Nacional de Patos
- Full name: Nacional Atlético Clube
- Nicknames: Naça Verdão Maravilha (Wonder Green) Canário do Sertão (Canary from Sertão)
- Founded: 23 December 1961; 64 years ago
- Ground: José Cavalcanti
- Capacity: 8,000
- League: Campeonato Paraibano
- 2025: Paraibano, 8th of 10
| Home colours | Away colours |

= Nacional Atlético Clube (Patos) =

Nacional Atlético Clube, usually known as Nacional de Patos or simply as Nacional is a Brazilian football club from Patos, Paraíba state. The club was founded in 1961, and in 1989 competed in the Brazilian Championship Second Level and in 2005 and in 2007 competed in the Brazilian Championship Third Level. Its home matches are played at José Cavalcanti Stadium.

==History==
On 23 December 1961, the club was founded by employees of federal institutions, such as the Correios, and other institutions. The club's colors were originally green and yellow, but later the green and white were adopted as Nacional's official colors.

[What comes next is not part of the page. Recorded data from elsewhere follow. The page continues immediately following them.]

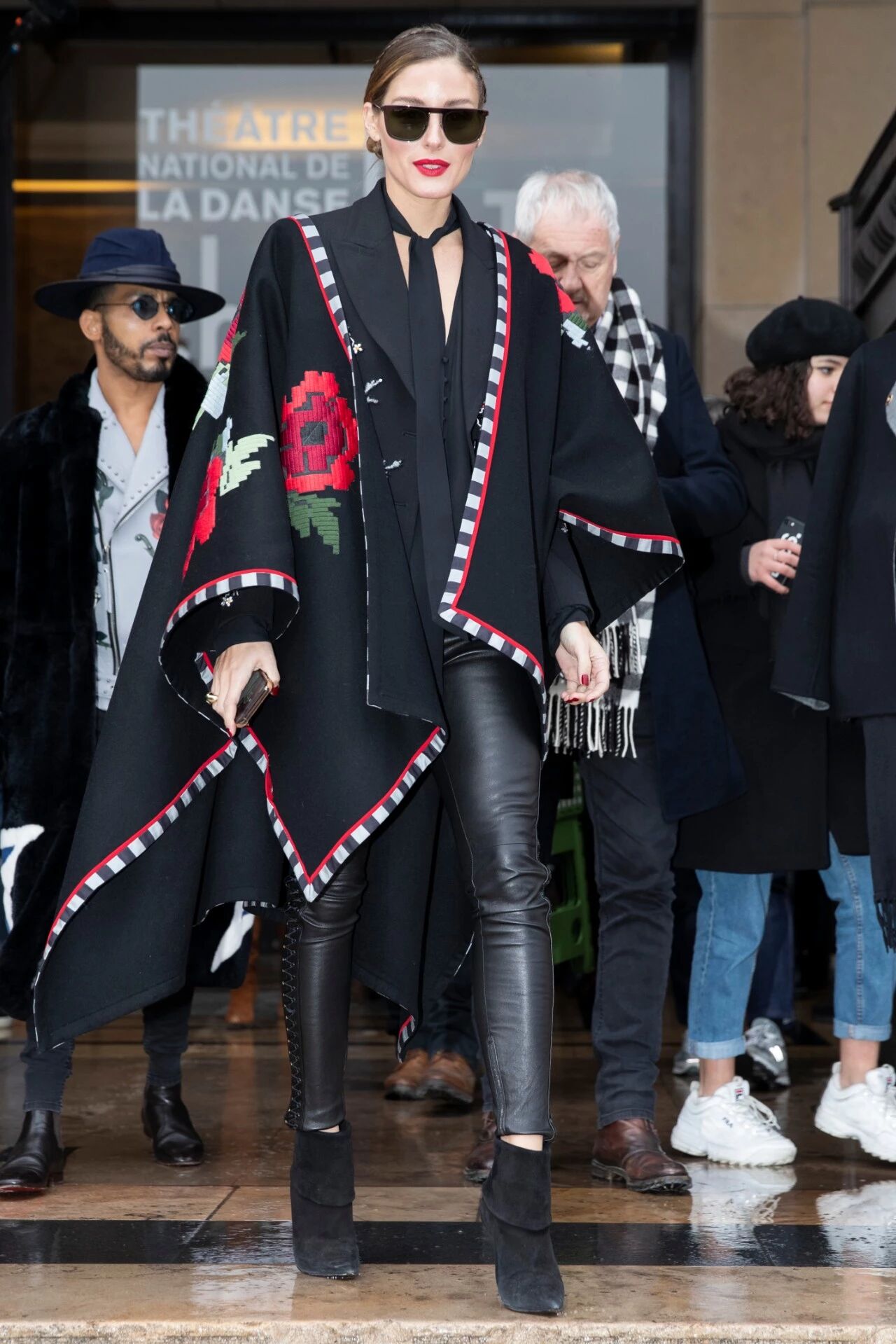 Olivia Palermo身穿黑底红花斗篷,颜色的搭配十分高级,一副墨镜增加气场,帅气的同时带着神秘感。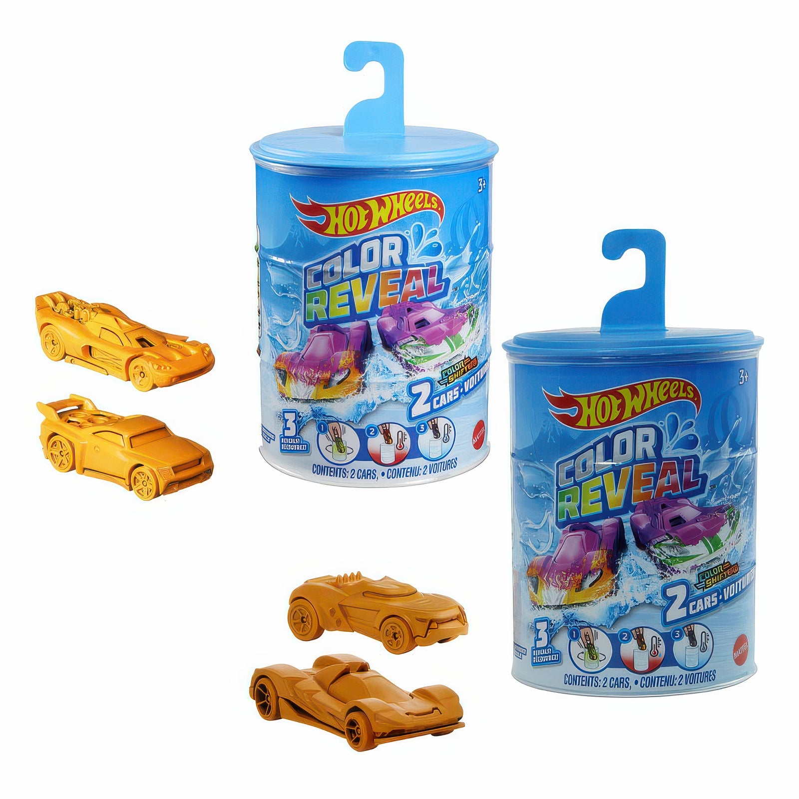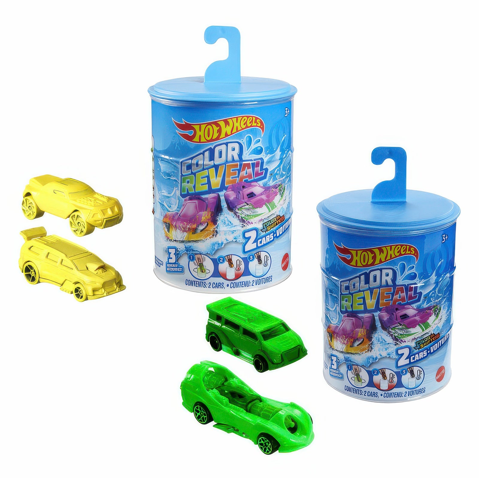 • The Hot Wheels colour Reveal 2 Pack holds 2 1:64 scale Hot Wheels colour Reveal cars in a barrel drum, each with 2 surprise decos just waiting to be discovered.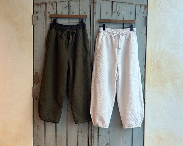 キルティングドローコードトラウザー (OFF WHITE / OLIVE) ¥37,400(税込) / nest Robe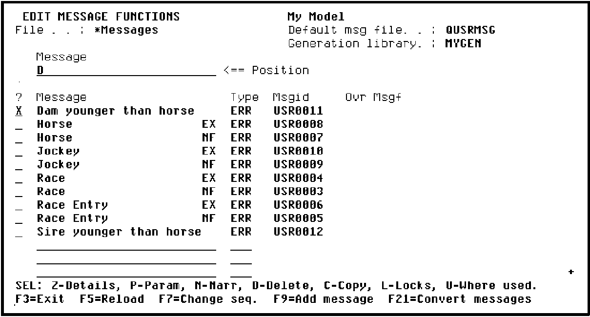 Type X against the message, Dam younger than horse, as shown to select it as the action in the action diagram.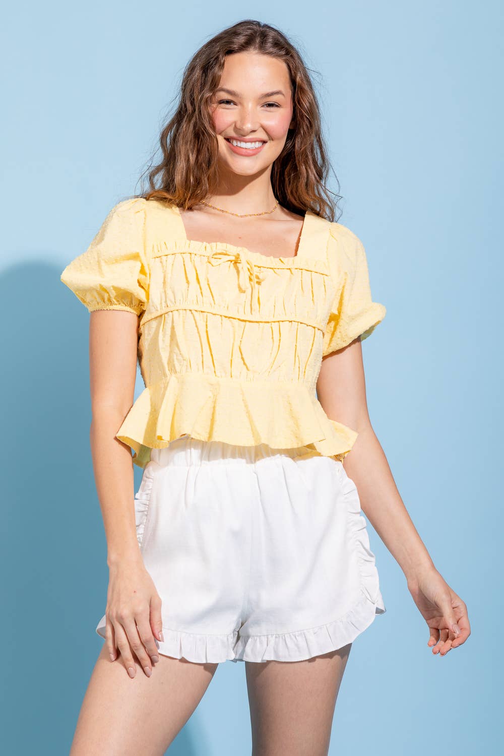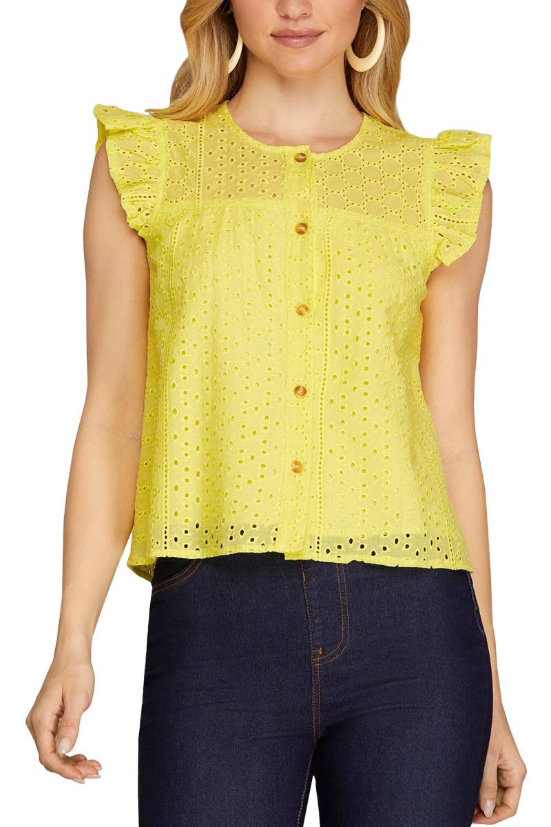 No reviews for Crew Neck Eyelet Lace Ruffled Sleeve 100%Cotton Top VT82646- yet.
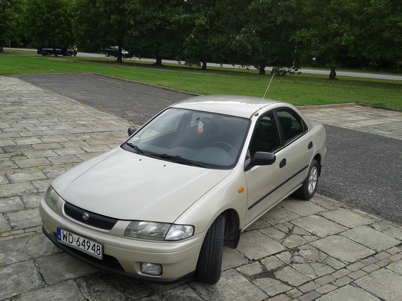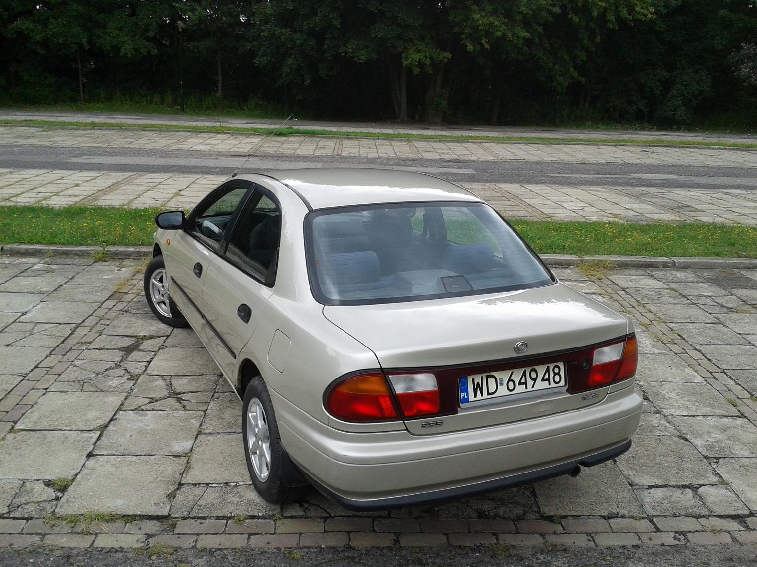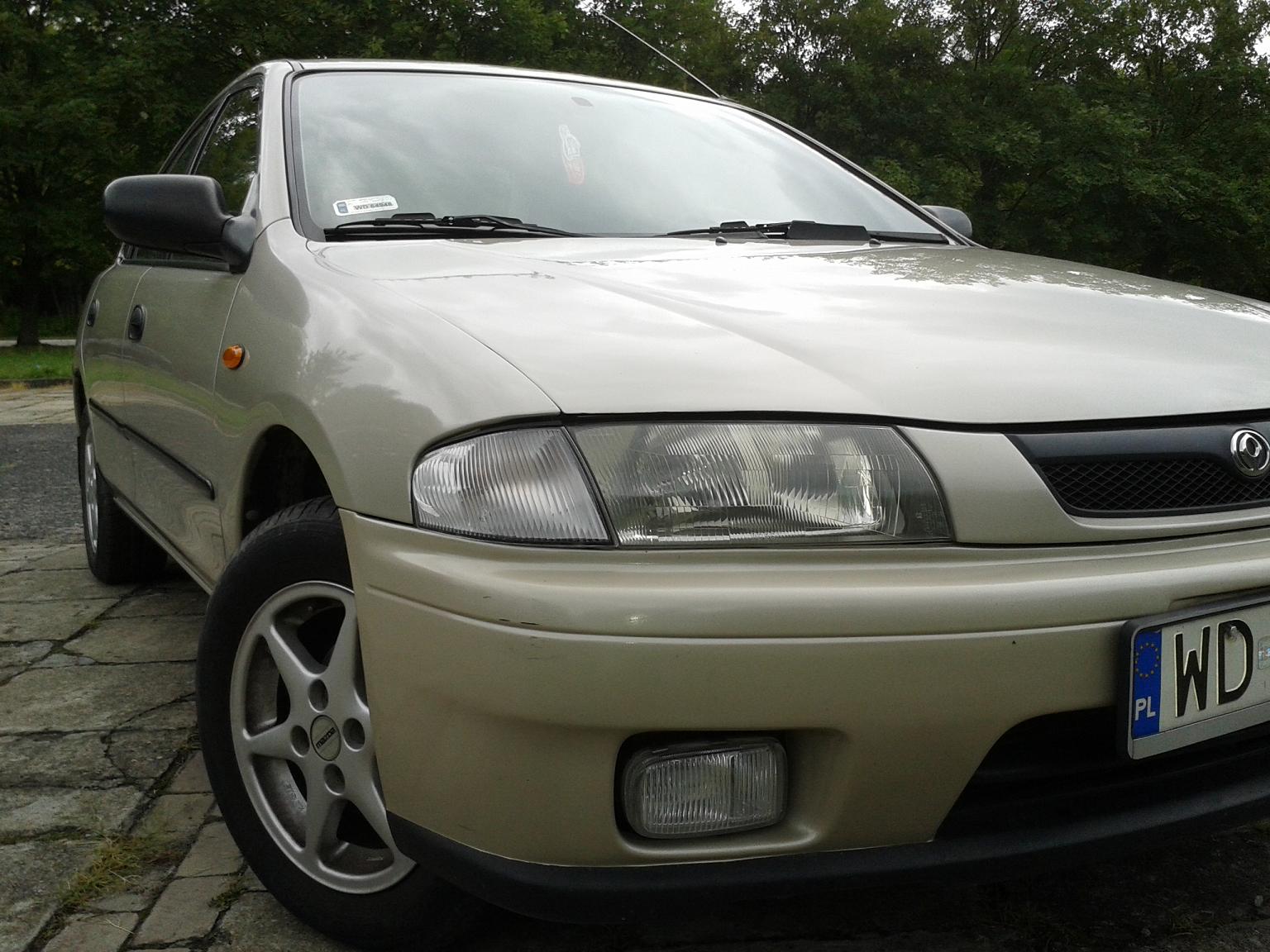 Chciałbym zaprezentować wszystkim moje auto jakim jest mazda 323 wyprodukowana w roku 1997 w dość rzadko spotykanej wersji nadwozia czyli sedan. Mazda wyposażona jest w benzynowy silnik o pojemności 1,5 litra i automatyczną skrzynię biegów. Przebieg auta w tej chwili wynosi niecałe 118 tys. km.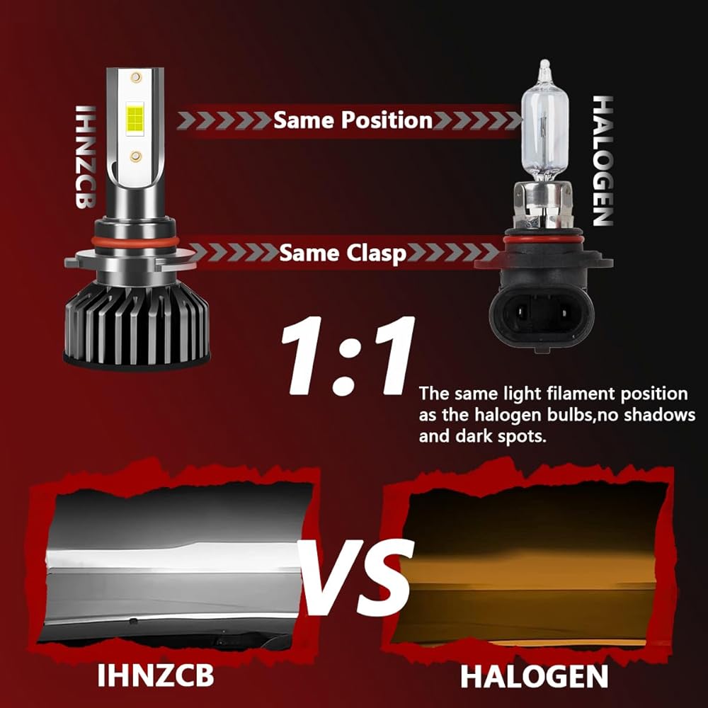 【Higher Brightness】 IHNZCB's 9005/HB3 H11 LED headlight bulbs are 5 times brighter than halogen,120W 20000LM per set maximize light output and 6000K cool white to provide superior visibility, high brightness and far light distance will help you see wider and farther and recognize obstacles /traffic signs earlier to ensure safer nighttime driving and decrease crash risk.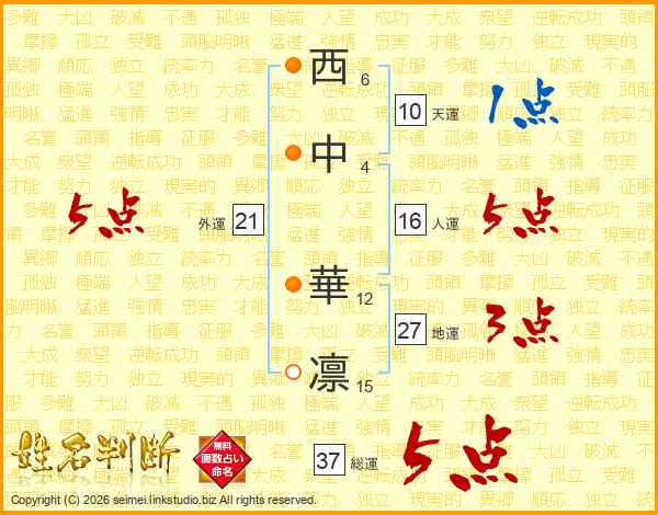 西(6画)中(4画) 華(12画)凛(15画)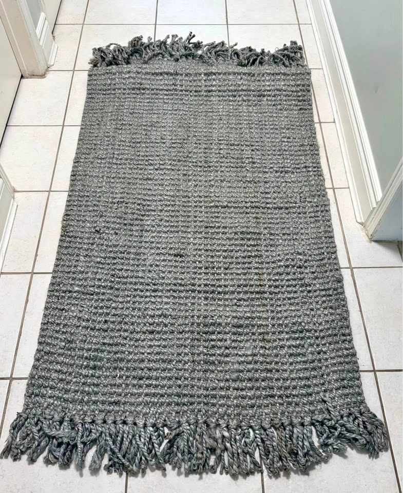 LOCATION: Pickering, Whites & Kingston Rd area Pick-up only Smoke-free home NEW - unrolled for picture only Colour - Grey with some green & brown tones Features: Pet-Friendly; Fringe/Tassel; High Traffic; Stain Resistant; Pet Friendly Material Jute & Sisal Technique/Weave Hand-Woven Weights & Dimensions: Overall Rug Size 36" W X 60" L Rectangle Overall Weight 10lb. Pile Height 0.45" H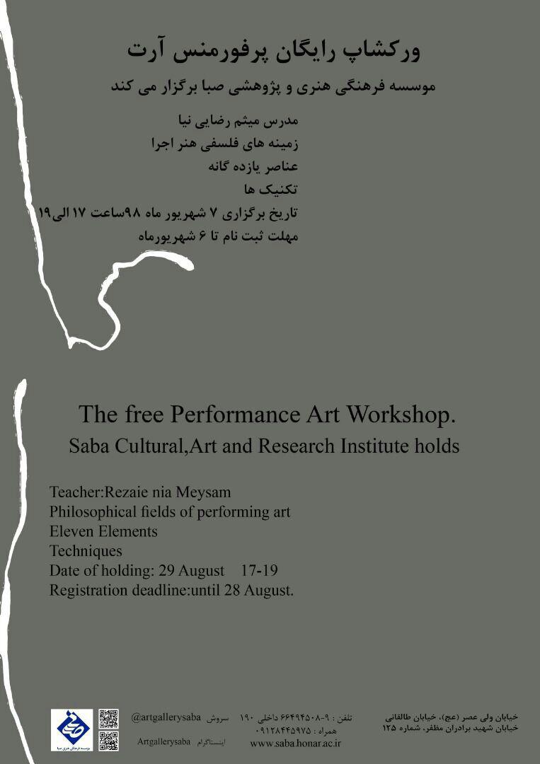 به گزارش گالري آنلاين به نقل از روابط عمومي موسسه فرهنگي هنري صبا- وابسته به فرهنگستان هنر- در اين کارگاه يکروزه که در تاريخ ۷ شهريورماه از ساعت ۱۷ الي ۱۹ در محوطه اين مجموعه برگزار مي شود، هنرجويان و شرکت کنندگان، با همه چيز اين هنر، از ريشه هاي فلسفي، زمينه هاي تاريخي، بنيادهاي زيباشناختي، عناصر يازده گانه، تا تکنيکها و شيوه هاي اجرا و سير تحول اين هنر در چنددهه از تاريخ هنر مدرن و معاصر جهان، بروايت يکي از هنرمندان فعال و پرسابقه پرفورمنس در ايران آشنا خواهند شد.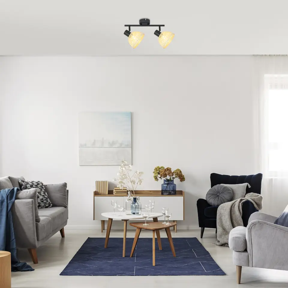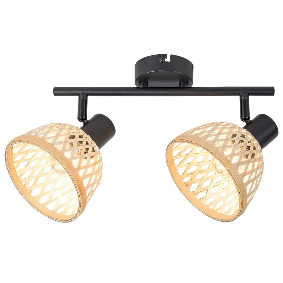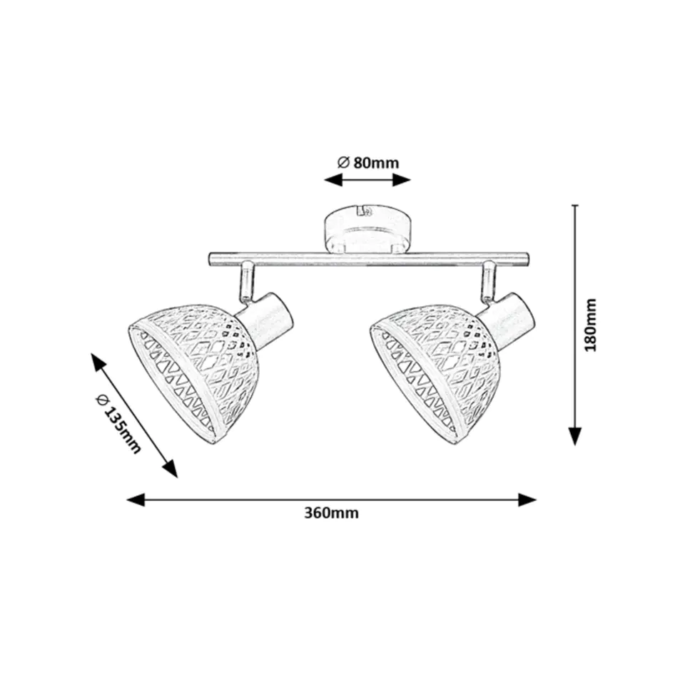 Wykonany w stylu industrialnym reflektor Rattan z dwoma żarówkami, można polecić do różnych pomieszczeń w mieszkaniu: można go zamontować w salonie, jadalni, kuchni, a nawet w sypialni. Metalową oprawę w kolorze matowo czarnym uzupełnia klosz w kształcie parasola wykonany z naturalnego rattanu. Lampa może być przymocowana do ściany za pomocą okrągłej, dekoracyjnej podstawy. Do Rattanu potrzebne są dwiema żarówki o mocy do 15W każda. Typ oprawki to E14. Zależnie od indywidualnych preferencji i potrzeb pomieszczenia, w którym zainstalujesz lampę, możesz wybrać ciepłe lub naturalne, białe źródło światła. Jeśli na przykład umieścisz ją w sypialni, zastosowanie żarówki z ciepłym, białym światłem pomoże Ci stworzyć przytulną, intymną atmosferę. Wymiary reflektora 2-żarówkowego Rattan są następujące: szerokość 360 mm, wysokość 160 mm, średnica każdego klosza wynosi 135 mm, odległość lampy od ściany wynosi 180 mm, średnica instalacji 80 mm. Prezentowany model jest sprzedawany bez żarówki.

From 1977 to 1981, Nacional won the Torneio Incentivo, which was organized by the Brazilian Football Confederation, five times in a row.

In 1989, the club competed in the Brazilian Championship Second Level, but was eliminated in the first stage.

In 2005, Nacional competed in the Brazilian Championship Third Level, but was eliminated in the first stage of the competition.

In 2007, the club won the Paraíba State Championship for the first time. Nacional's Edmundo was the competition's top goalscorer, with 18 goals. In the same year, the club competed in the Brazilian Championship Third Level, reaching the final stage of the competition.

==Honours==
- Campeonato Paraibano
  - Winners (1): 2007
  - Runners-up (4): 1978, 1990, 1991, 2005
- Copa Paraíba
  - Winners (1): 2008
- Campeonato Paraibano Second Division
  - Winners (1): 2017
- Torneio Incentivo
  - Winners (5): 1977, 1978, 1979, 1980, 1981

==Current squad (selected)==

| No. | Pos. | Nation | Player |
|---|---|---|---|
| — | DF | BRA | Júnior Sertânia () |

==Stadium==
Nacional's home stadium is Estádio José Cavalcanti, with a maximum capacity of 8,000 people.

However, in 2007, the club played its Campeonato Brasileiro Série C final stage home matches at Amigão stadium, which has a maximum capacity of 40,000 people and is located in Campina Grande, because the minimum stadium capacity allowed during that stage of the competition was 10,000 people.